2009-07-02 Thread b. f.
On 7/2/09, Manish Jain invalid.poin...@gmail.com wrote:
 b. f. wrote:
 Manish Jain wrote:

 Regarding the download speeds I was getting with portmaster fetches (0.7
 kBps to 4.0 kBps), I immediately booted into Windows/Cygwin and did a
 wget from the same site portmaster was using. The speed I got from wget
 was ~ 35 kBps. This happened not just once but multiple times. Each time
 I did this, I had to interrupt portmaster. Finally I managed to get to
 install the wget port on FreeBSD itself. When I ran wget from FreeBSD,
 it reported comparable transfer rates (~ 35 kBps) from the same sites as
 portmaster was using.


This has nothing to do with portmaster.  Remember, portmaster is just
a (sometimes) convenient shell script wrapper for the normal ports
infrastructure.  What you're probably seeing is either the usual
fluctuations in network performance, or the difference between wget
and FreeBSD fetch(1), which by default is used for getting distfiles
and packages.  This is set in bsd.port.mk, and you can override it if
you prefer to use something else.  See the comments concerning
FETCH_BINARY, FETCH_ARGS, FETCH_CMD, FETCH_{BEFORE,AFTER}_ARGS,
FETCH_ENV, and FETCH_REGET at the top of bsd.port.mk, or the relevant
portion of that script.  You can also try tuning your network
settings, which can speed things up significantly in some cases.

 It respects IGNORE (it checks for it in the port Makefile, and also
 hands off to bsd.port.mk, which respects it).

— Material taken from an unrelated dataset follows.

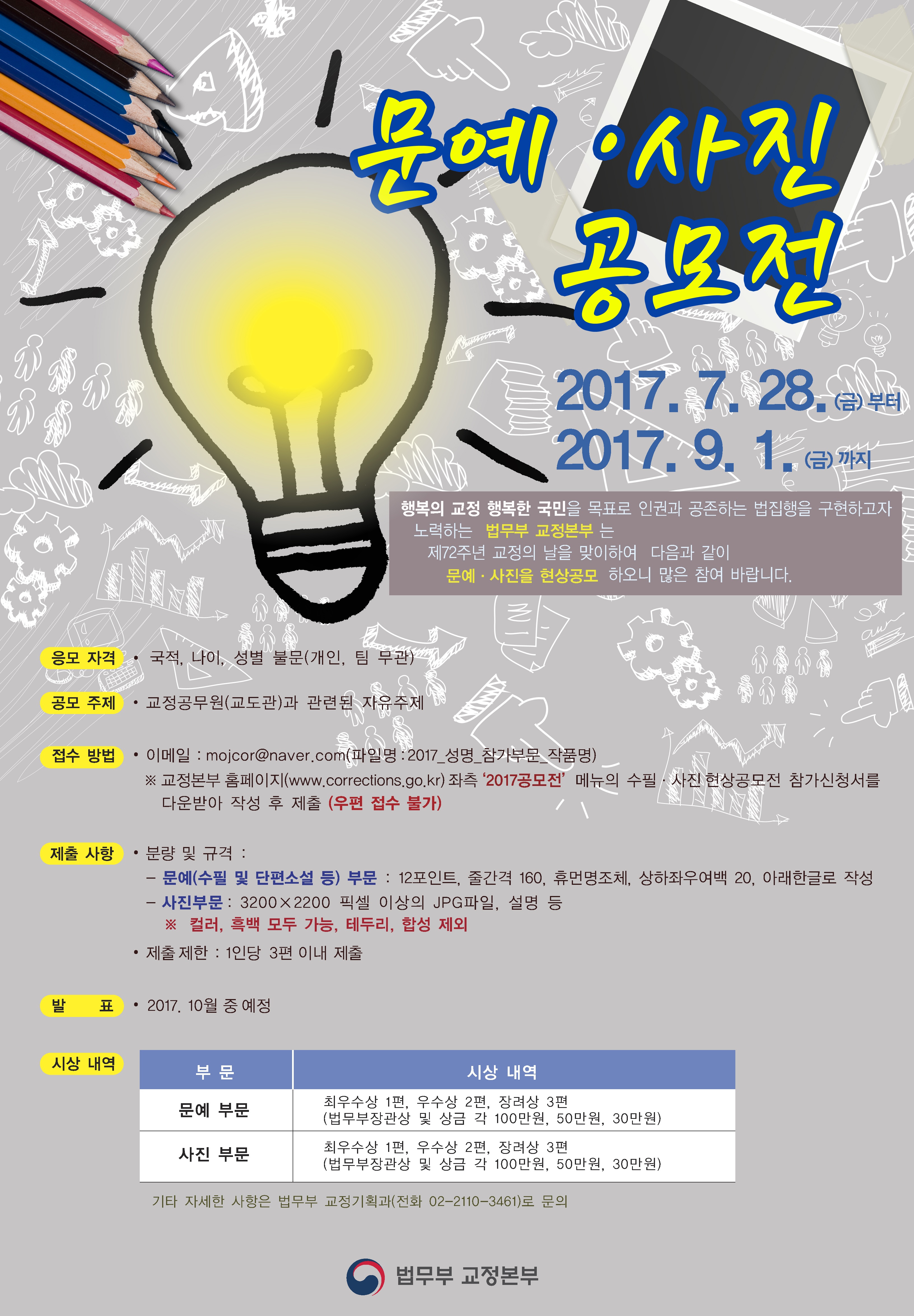 행복한 교정 행복한 국민을 목표로 인권과 공존하는 법집행을 구현하고자 노력하는 법무부 교정본부는 제72주년 교정의 날을 맞이하여 아래와 같이 문예․ 사진 작품을 현상공모하오니 많은 참여바랍니다.

 I got a curl port from portsnap marked IGNORE. portmaster did not ignore
 it anywhere near gracefully enough and finally killed off all child
 processes and itself.


Uh, yeah -- but that's another matter.  It did IGNORE it, but it just
stopped entirely.  This is another one of the things that need
improvement.  portupgrade, by contrast, will keep going, only ignoring
the port in question and any ports that depend upon it, but updating
the rest.  You should be able to patch portmaster to mimic this
behavior.

 Anyway, my system became so unpredictable that I had to reinstall
 FreeBSD. For the moment, I am avoiding portmaster till I can try it out
 on a dummy PC first.


Well, something is awry if your system was damaged that badly, and it
probably wasn't because of portmaster.  In general, few ports ought to
damage the base system.  You're probably better off trying to remove
and then reinstall all of your ports first (the instructions in the
portmaster manpage are good in this regard), before reinstalling
everything.

 BTW, I also tried portmanager and it segfaulted at the stage of
 generating a report.


Oh, well.  Sounds like a job for  rnol...@freebsd.org. But wait --
 who wants to bother him about some tiny piece of port management
software when he is heroically staging a single-handed campaign to
maintain X11 on FreeBSD?

b.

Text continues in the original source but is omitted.